Я благодарно киваю, и мы резко замолкаем, прекрасно осознавая, что при этом разговоре должен присутствовать еще один человек.

Мне так чертовски ее не хватает. Я хочу услышать ее дерзкий голос и ощутить на себе ее нежный взгляд. Я даже не прошу о возможности ее поцеловать, только бы краем глаза увидеть ее лицо и убедиться, что она в порядке.

Неожиданно дверь палаты открывается, и оттуда выходит медсестра.

– Пациентка проснулась, – заявляет она, – вы все сможете зайти к ней только после осмотра.

Через минуту в коридоре появляется врач. Они вместе с Антоном исчезают за дверьми палаты, оставляя нас в мучительном ожидании развязки.

Ясмина


Самое худшее в этом пробуждении то, что я понятия не имею, где нахожусь. Подсвеченные яркой лампой белоснежные стены помогают сконцентрироваться и кое-что вспомнить.

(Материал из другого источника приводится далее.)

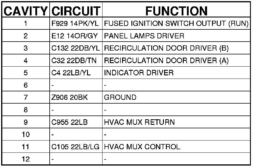 A/C Heater Control C1 (Instrument Panel) 12 Way
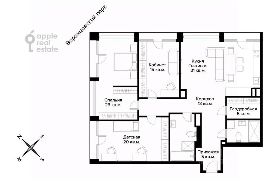 Квартира с идеальным ремонтом. 3 спальни и кухня-гостиная любовь к прекрасному в каждой детали. Разделены общее и жилые пространства. В общей зоне кухня-гостиная, гардеробная и гостевой санузел. В приватной зоне 3 изолированных спальни. В мастер-блоке своя гардеробная, угловое остекление. Потолки 3, 1 м. Мебель Dantone Home, Cosmorelax, эмаль и шпон дуба. Вазы и прочий декор от европейских дизайнеров. Техника Kuppersberg. Паркет Finex. Испанский керамогранит Living. Скрытые двери 2,40 м. Электрокарнизы. Тканевые натяжные потолки. Окна в пол, французские балконы, виды на Юго-З ападный округ столицы, Воронцовский парк, усадьбу Воронцово. Канальное кондиционирование. ЖК премиум-класса AFI Park новый, с подземным паркингом, охраной, уютными лобби, закрытым двором-садом, спортивными и детскими площадками, игровой комнатой. Рядом с Воронцовским парком. По качеству строительства и локации рядом с парком и метро интереснее других новостроек района. В шаговой доступности одна из топовых школ города 1514, в том числе ради которой переезжают в этот район. Предложение для тех, кто хочет заехать в квартиру с идеальным ремонтом и жить в экологически чистом районе

– Вижу, вы проснулись, – верещит подбежавшая ко мне медсестра. Ее голос кажется запредельно звонким, и я готова попросить ее убавить громкость. – Сейчас придет врач и осмотрит вас. Не переживайте, с вами все будет хорошо.

– Мои родители ненавидят меня, – начав говорить правду, я оказываюсь не в силах остановиться. – Они вызвали санитаров и сказали им, что я сумасшедшая. Все еще считаете, что со мной все будет хорошо?

– Просто подождите врача, – сочувственно улыбнувшись, она ненадолго выходит из палаты и возвращается уже в сопровождении двух мужчин.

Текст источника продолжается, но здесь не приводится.